Breitbart's report rocketed through the conservative blogosphere and Fox News and triggered the Agriculture Department's demand that Sherrod resign.
But when Sherrod and the farmer she had supposedly discriminated against came forward to tell their stories and the NAACP released the full video of Sherrod's comments, it became clear that the clip Breitbart posted had been ripped from context, and the smear completely dissolved.
In the days that followed, the magnitude of Breitbart's complete lack of journalistic ethics became clear. He claimed he had received the Sherrod clip from an anonymous source and posted it without ever seeing the full video or attempting to contact Sherrod, later explaining that he "had to get it up when the media would pay attention to it." He acknowledged that his clip had taken her out of context, but denied he had done anything worthy of an apology.
With his concocted smear on the rocks, Breitbart began hurling a variety of bizarre (and false) accusations in hopes of preserving his credibility -- all while alternating between declaring himself "sympathetic" to Sherrod's "plight" after the media supposedly "made it about her," and continuing to suggest that Sherrod is a racist.
The scandal took on a new light after Dr. Kevin Pezzi was invited by Breitbart to repost two pieces accusing Sherrod of racism on BigGovernment.com. After we exposed Pezzi as a racist who claims to be responsible for "over 850 inventions" and schemes such as a "magic bullet" for cancer, a "robotic chef," and sexual inventions like "penile enlargement techniques" and "ways to tighten the vagina," Breitbart pulled Pezzi's posts from his site and apologized.
Unimpressed with his wild claims, media of all stripes condemned Breitbart as untrustworthy and his actions as "a classic example of what is wrong with our national discourse."
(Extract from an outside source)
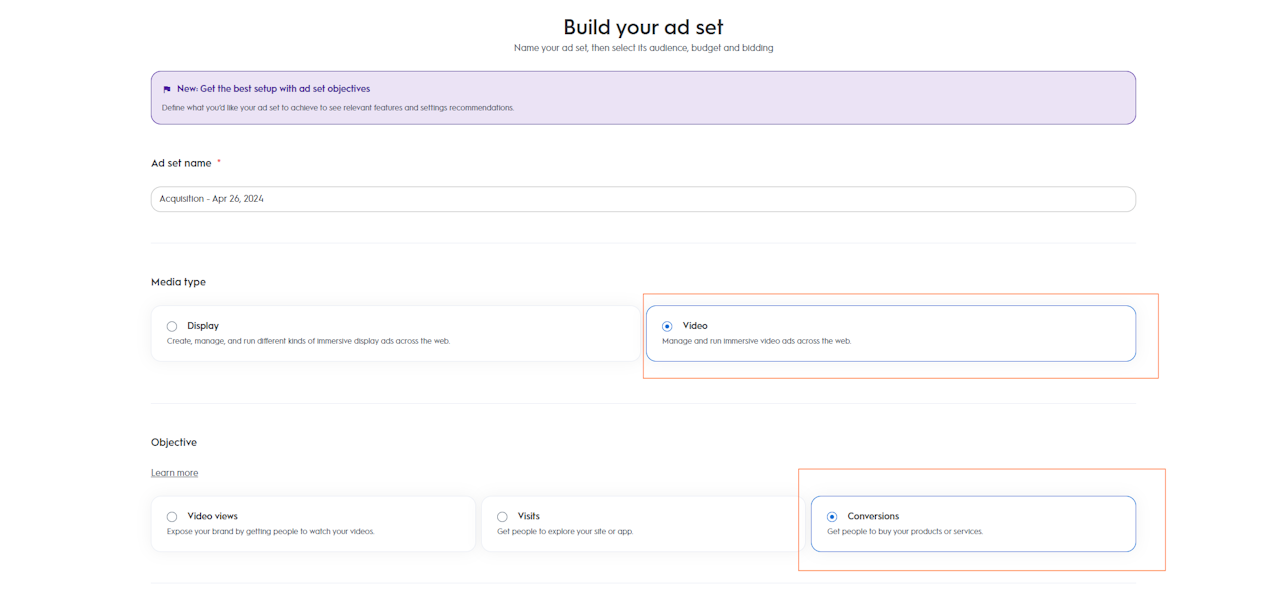 Control where your ads appear on web pages (top, middle, bottom). This is optional since conversion-focused campaigns rely more on audience quality than ad placement, but specifying premium positions can help if you have data showing certain placements generate higher conversion rates.

But three months later, ABC News forgot for a time what Politico's Ben Smith called Breitbart's "growing credibility problem." Breitbart's website reported -- and Media Matters confirmed -- that Breitbart would be providing analysis for the network during its election night coverage.
Amid widespread criticism, including from its own newsroom, ABC News announced that Breitbart would "not be a part of the ABC News broadcast coverage," but rather would be "participating in an online-only discussion and debate" for ABCNews.com. After many recriminations, with Breitbart saying he had been promised broadcast time and ABC responding that he had "exaggerated the role he would play," ABC pulled the plug, releasing a letter dropping him from its coverage of the 2010 elections.
From top of the world to too toxic for network television -- Breitbart has come a long way in a year. But while he's lost credibility with virtually everyone else, he's still a welcome member of the conservative media elite, meaning that it's only a matter of time before they parrot his latest smear.